Module: spatial_coherence

File: src/spatial_graph_algorithms/spatial_coherence/__init__.py
Status: Initial implementation — Gram-matrix spectral score.

Purpose

Assess whether graph topology behaves like distances sampled from a low-dimensional spatial structure. The v1 implementation scores the all-pairs shortest-path distance matrix by converting it to a classical MDS Gram matrix and summarising its eigenvalue spectrum.

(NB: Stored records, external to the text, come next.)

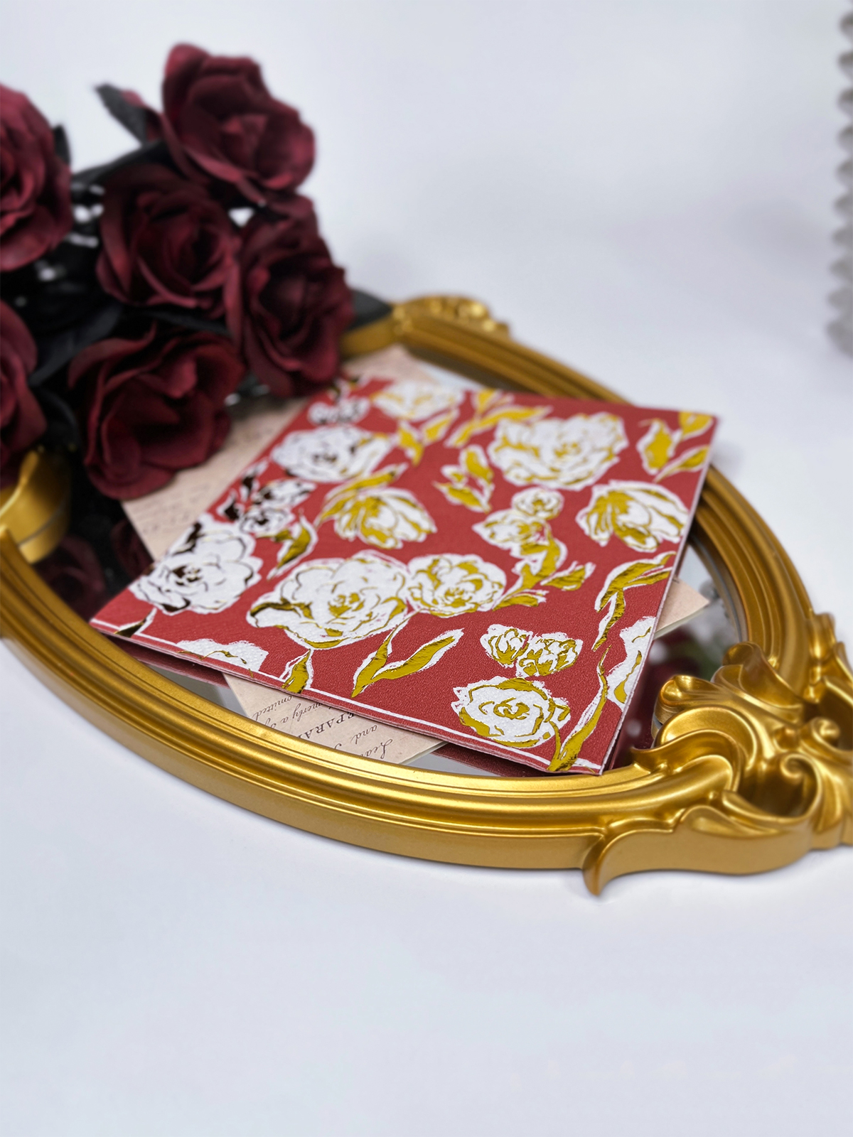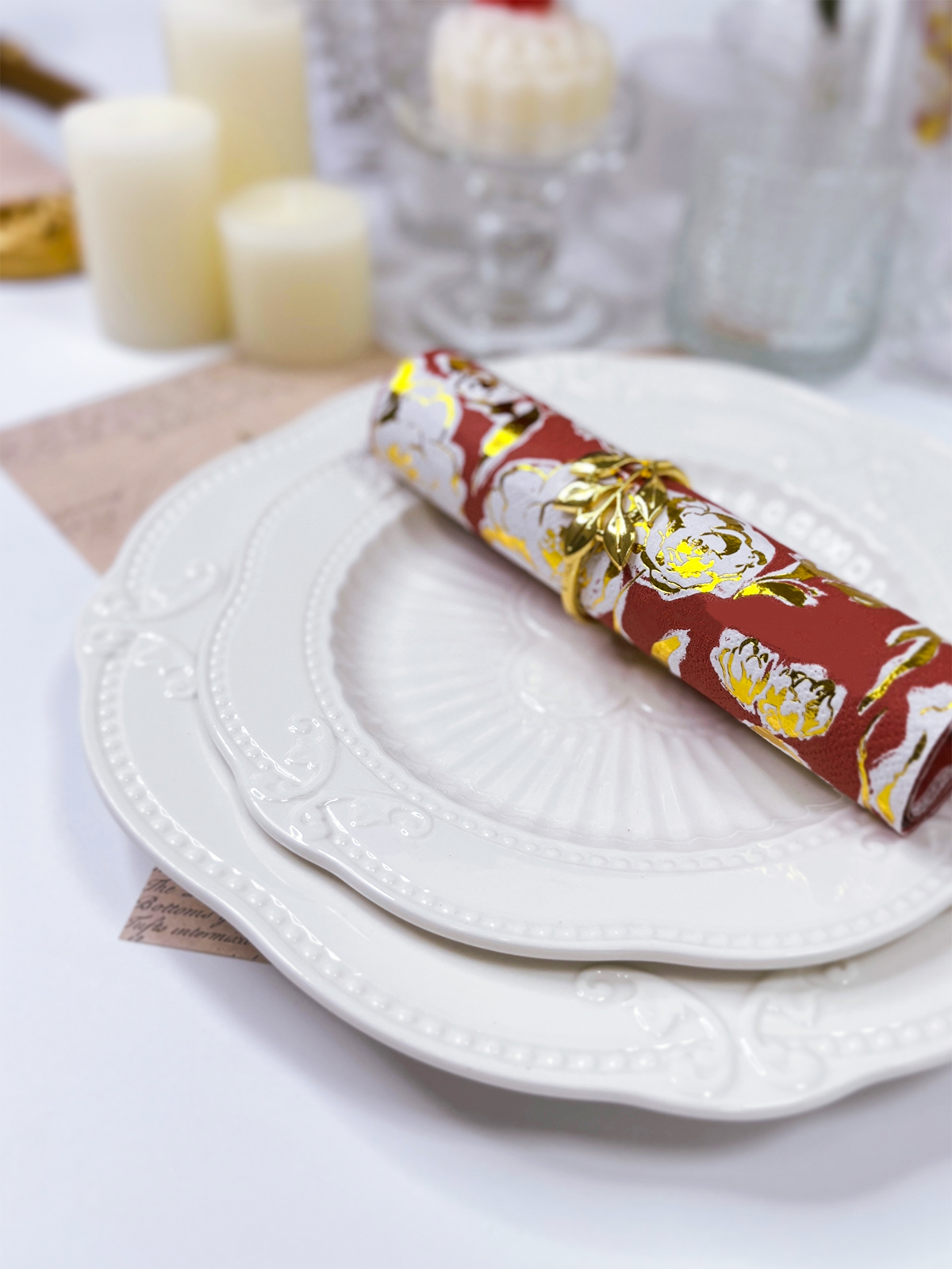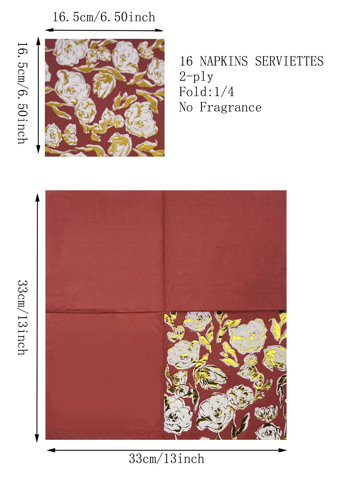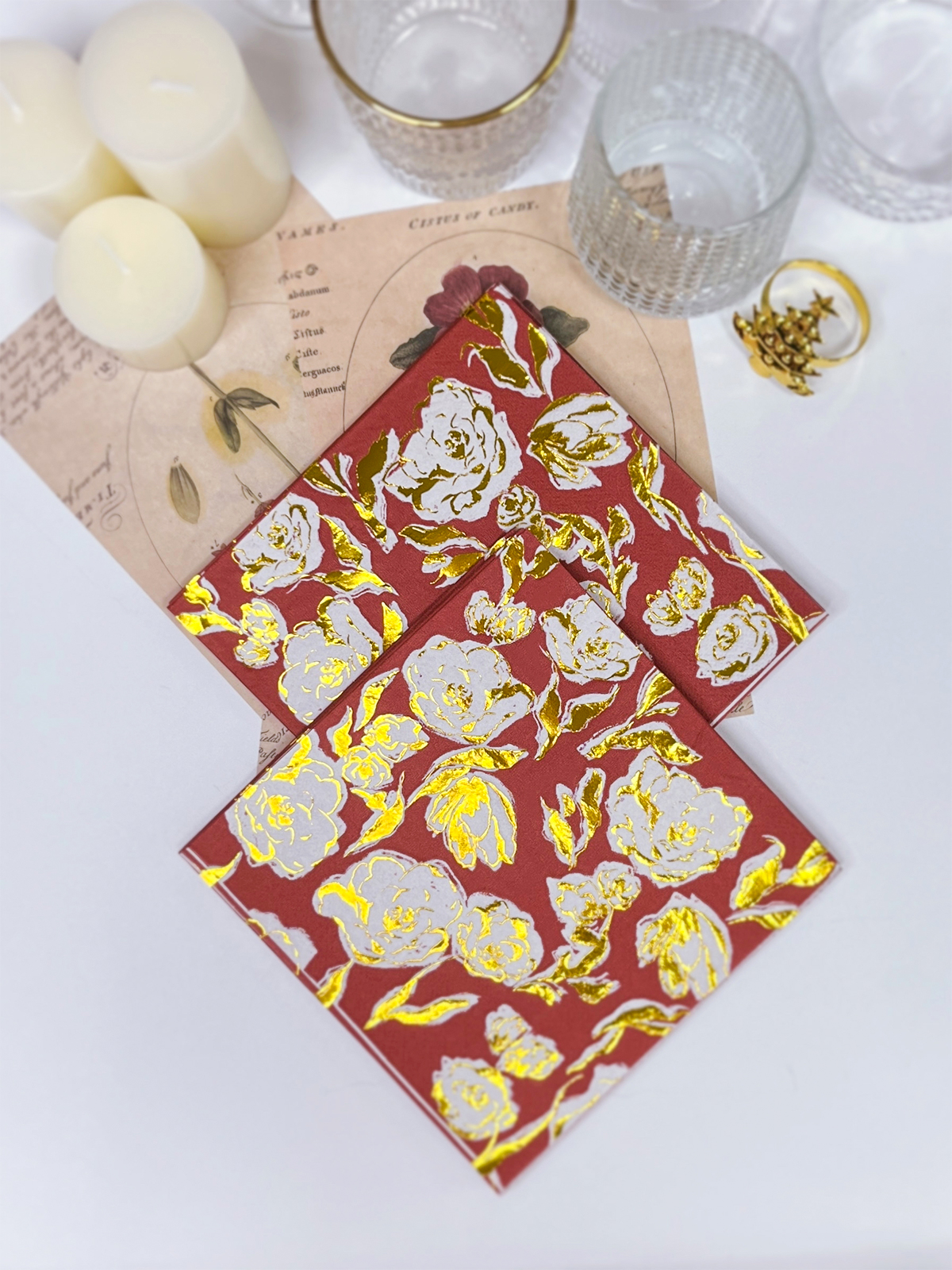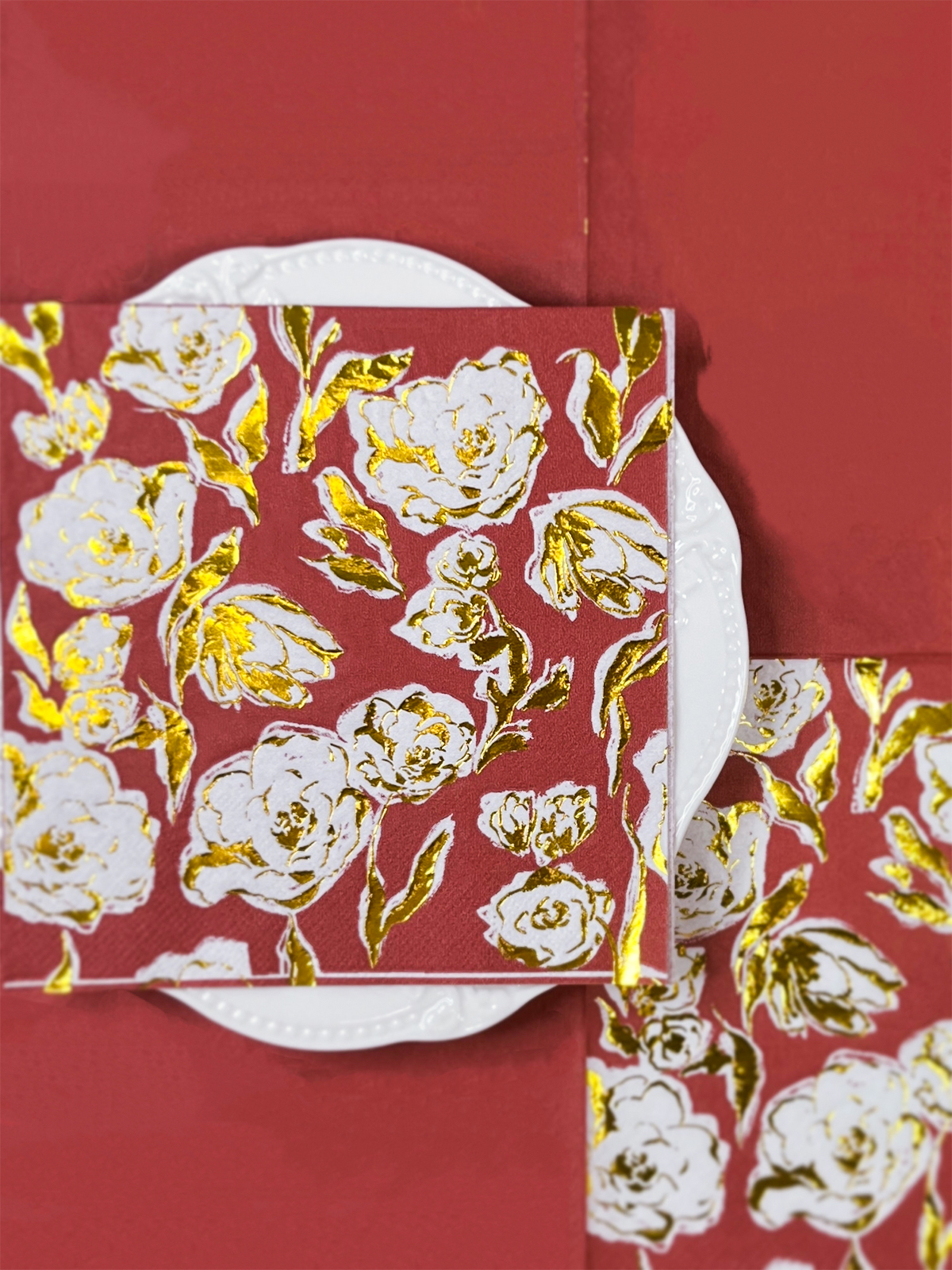 Os guardanapos de almoço são delicadamente desenhados com flores em folha de ouro sobre fundo vermelho, adicionando um toque de elegância aos seus eventos. Eles são atraentes e visualmente atraentes.
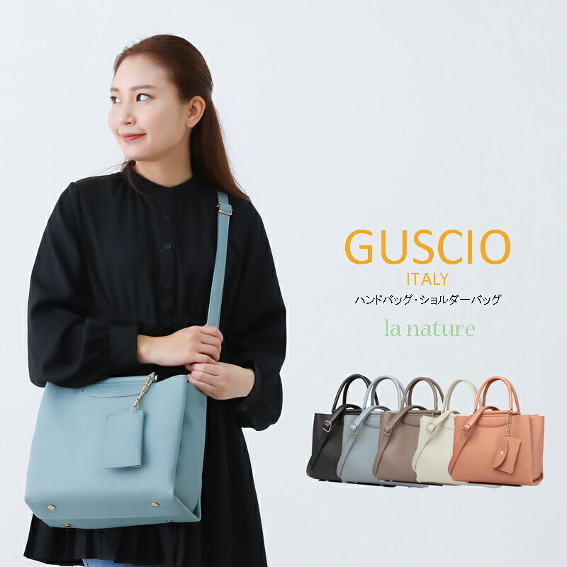 ■2WAY ハンドバッグ ショルダーバッグ ミニポーチ付き かばん 17-1033【GUSCIO グッシオ】女性 レディース エレガンス 高見え フェイクレ
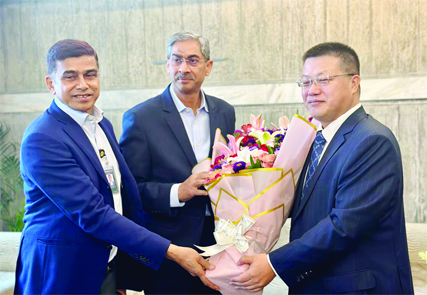 Chinese Ambassador to Bangladesh Yao Wen meets the Minister for Water Resources, Shahid Uddin Chowdhury Annie at the Parliament Secretariat in the capital on Tuesday. State Minister Farhad Hossain
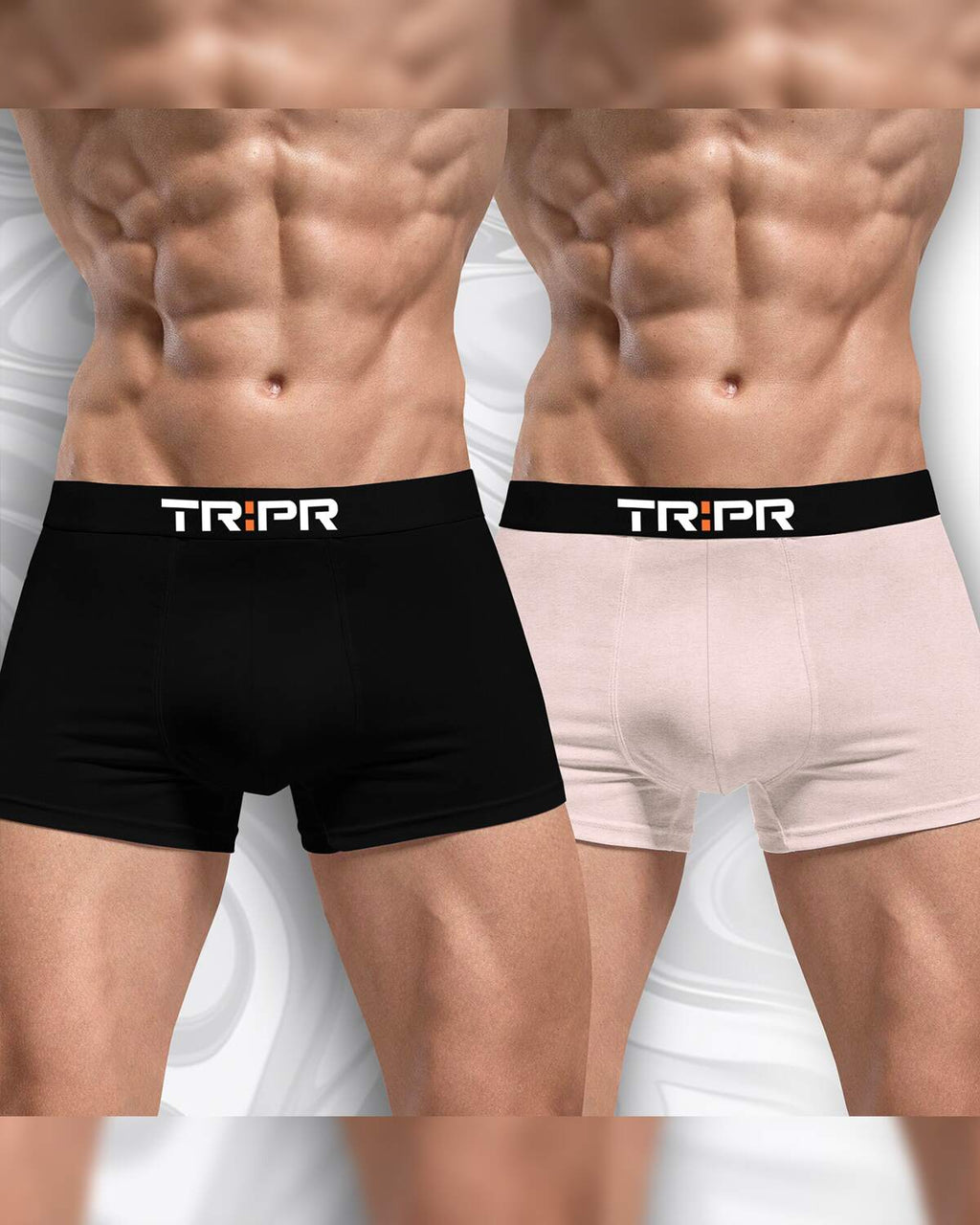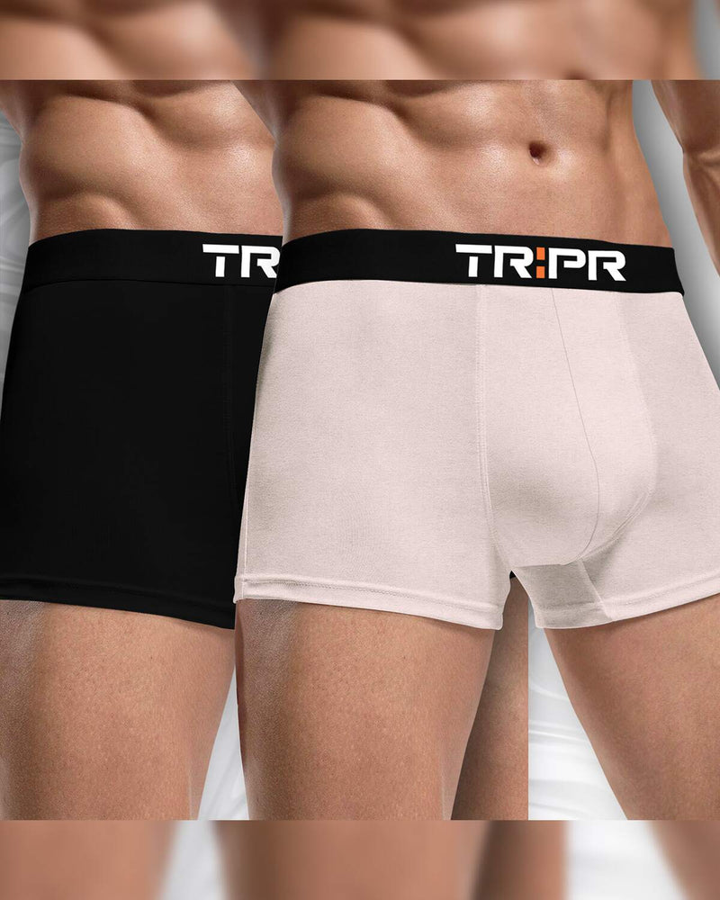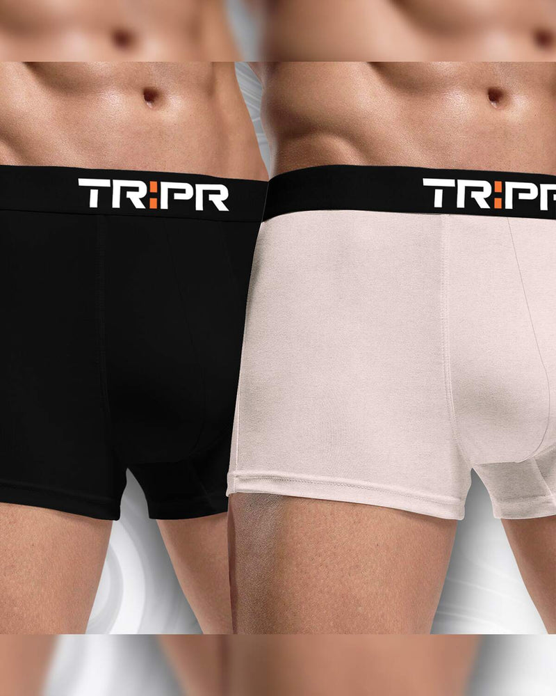 Combo Pack Of 2 Black & Beige Men Plain Trunks

This is useful as a topology-only sanity check before reconstruction. A well-behaved 2-D proximity graph should put most positive Gram-matrix eigenvalue mass in the first two eigenvalues and have a clear drop after dimension 2. Random shortcut or false edges tend to flatten the spectrum, lower spectral_score, and increase negative eigenvalue mass.

This module is canonical. spatial_graph_algorithms.coherence.score remains as a backward-compatible alias.

Public API

from spatial_graph_algorithms.spatial_coherence import score

result = score(sg, dim=2)
# {
#   "spectral_score": 0.91,
#   "spectral_gap": 0.72,
#   "negative_eigenvalue_ratio": 0.04,
#   "eigenvalue_contribution_by_rank": {...},
#   "spectrum": pandas.DataFrame(...),
# }

score() uses graph topology by default; ground-truth positions are not required. It returns the first five positive eigenvalue contributions by default; pass n_eigenvalues="all" to include every positive eigenvalue.

The most compact scalar is spectral_score. It is the cumulative variance contribution through the expected dimension. For a 2-D graph, it is the combined contribution of the first two positive Gram-matrix eigenvalues.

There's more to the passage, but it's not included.